Filed under: Sojourn — Tags: — Raja @ 12:51 PM

I used to look at the little boy wait there every day – standing on the roof of their one-storied house, leaning on the water-tank, all attention on the narrow and muddy lane on the other side of the pond that lied west of the house. Anyone, coming from the Old Checkpost bus-stop, would be visible not before the bamboo thickets beyond the pond.

He lived on the edge of an overcrowded suburb. The local trains that transported thousands of sleep-deprived workers to the city every morning, ran to the north-east of the neighborhood. The level-crossing near the Shalimar Railway Station prevented the typical infections of Indian big cities from entering into the neighborhood. The river Ganga was on the south. He had never been to the river, but he knew that the ‘holy’ river flows nearby (and that gave him a strange pride and satisfaction.
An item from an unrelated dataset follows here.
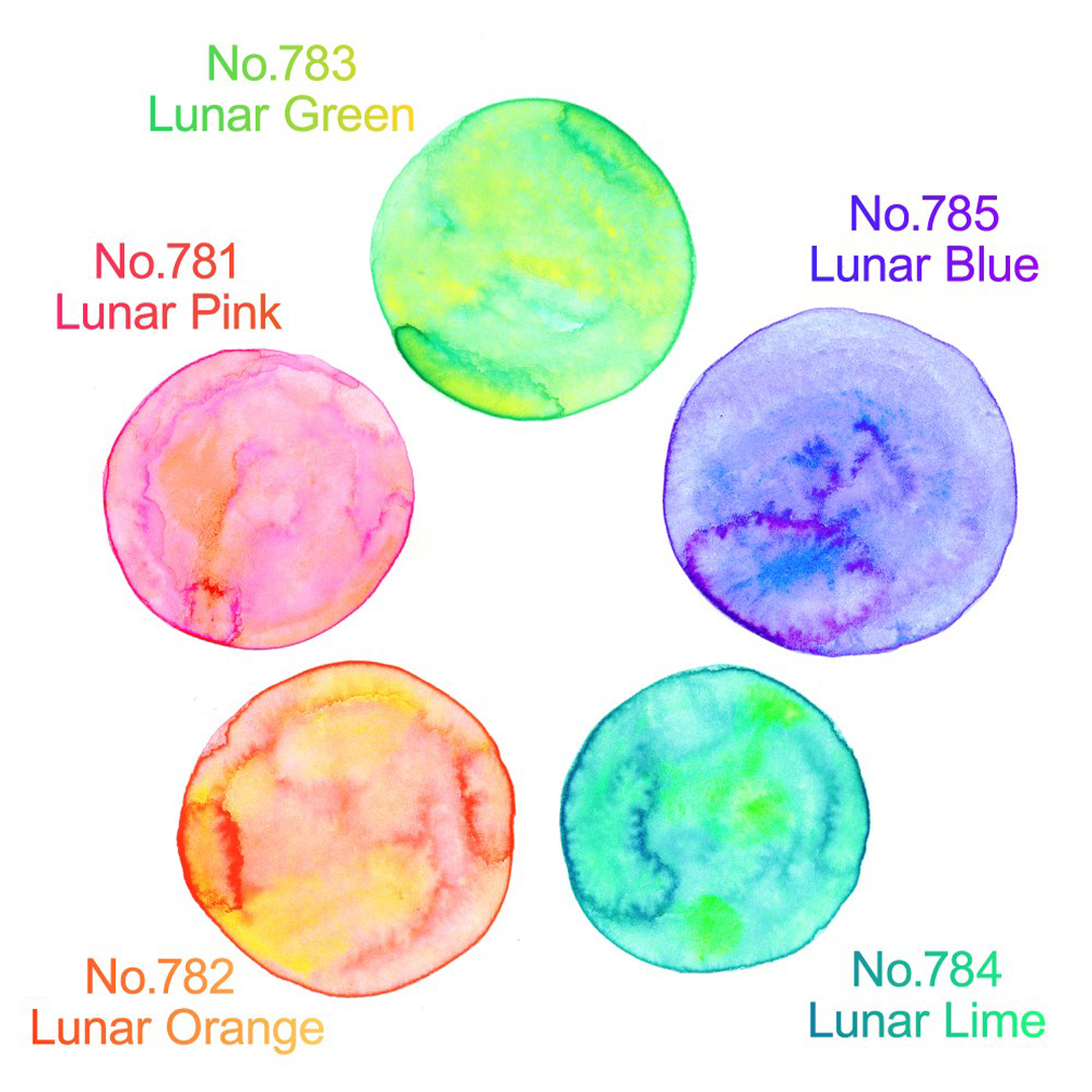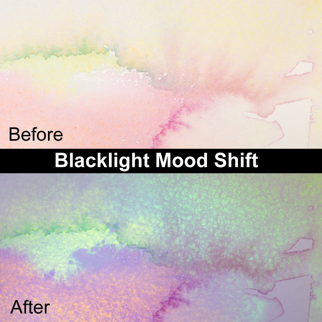 Deze fantastische aquarellverven worden in Japan met de hand gemaakt en geven je illustraties een extra glans en schittering. Daarnaast fluoresceren ze wanneer ze worden blootgesteld aan UV‑licht (zwartlicht).

That there are five oceans but only one Ganga, was the backbone of his pride. It didn’t mean anything to anyone else – neither to me – but the little boy had his own ways in his own world). He had seldom been far to the west of the neighborhood. There were small patches of farmland and large godowns of timber, brick and cement about half a kilometer to the west of their house.
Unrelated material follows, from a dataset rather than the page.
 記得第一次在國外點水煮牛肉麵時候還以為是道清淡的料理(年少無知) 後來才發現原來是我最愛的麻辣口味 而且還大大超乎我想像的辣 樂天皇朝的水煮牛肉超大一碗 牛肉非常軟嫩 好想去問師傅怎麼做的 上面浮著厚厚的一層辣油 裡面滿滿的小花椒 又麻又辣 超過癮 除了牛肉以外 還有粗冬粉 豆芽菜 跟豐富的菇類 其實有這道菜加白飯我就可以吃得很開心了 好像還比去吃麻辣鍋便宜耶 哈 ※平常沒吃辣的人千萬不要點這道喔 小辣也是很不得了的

The farmlands, the river and the rail-tracks made the neighborhood remain an island amid the multi-storied buildings elsewhere in the suburb where people ‘lived’ in pigeon-holes. While the children from other parts of the suburb didn’t quite know the meanings of ‘greenery’, ‘sunrise’ and ‘sunset’, he grew up taking lessons of life from the confinements of a conservative family and the freedom of green fields and still ponds and clear skies. The length of his shadow just after sunrise would amuse him, the unrelenting call of ‘the unseen bird on the coconut tree’ would make him impatient, and the smell of the wild leaves and flowers on the bank of the ponds would invite him.

Their house had just one storey, alike most of the houses in the neighborhood save one – which was a proud two-storey building. Their’s was a big one, though, leaving him a huge roof to run on and weave dreams while waiting for the afternoon. There were plenty of trees and plants around. Everything around the house was green other than the path that went from the gate to the garage, which was covered with yellow stone-chips. There were grass sprouting from between those stone-chips, but never enough threaten to make the pathway entirely green. There was, of course, the garage that was not green. It had an ugly-looking (or so he thought) corrugated black-top asbestos sheet on top. And there was a tube-well that was used scarcely. Otherwise, the house was surrounded by greens of various shades. Ah, not all green, though. There were a lot of flower plants that always added color to his thoughts and ideas, and, well, experiments. Though none of his ‘scientific’ experiments ever succeeded, his relentless drive to help modern Science had never been affected, till his family moved to the city and he lost the ingredients of ‘scientific’ experiments. The world would never know how to make rose-water (do people know it already?) or how hibiscus and jasmine flowers can be crushed together to make a stray-dog-repellant (a dog had smelt it, and slowly turned back. His father said, “It didn’t consider the paste as a meal, and so left it.” “Common thought from a common man,” He had thought, “if the father of every scientist would be a scientist, the world would be filled with scientists now!”)
There were coconut trees. The big leaves that looked so adorable during the day when they mopped up the sky swaying in gentle breeze, would look like a pre-historic monster in the nights. There were guava trees. He didn’t quite like guava for the irritating seeds, but he would never let the birds have them, either. At least not during the afternoons. The birds had probably known that, for the guavas would mostly be poked at during The morning. the only mango tree was too tall for him to get any interest in. The two Deodar trees, the only ones in the entire neighborhood, apparently made their compound ‘more inviting to the gods’ than any other neighbors’. There were lots of other trees that bore flowers and fruits, but were not of much interest to him for some reason.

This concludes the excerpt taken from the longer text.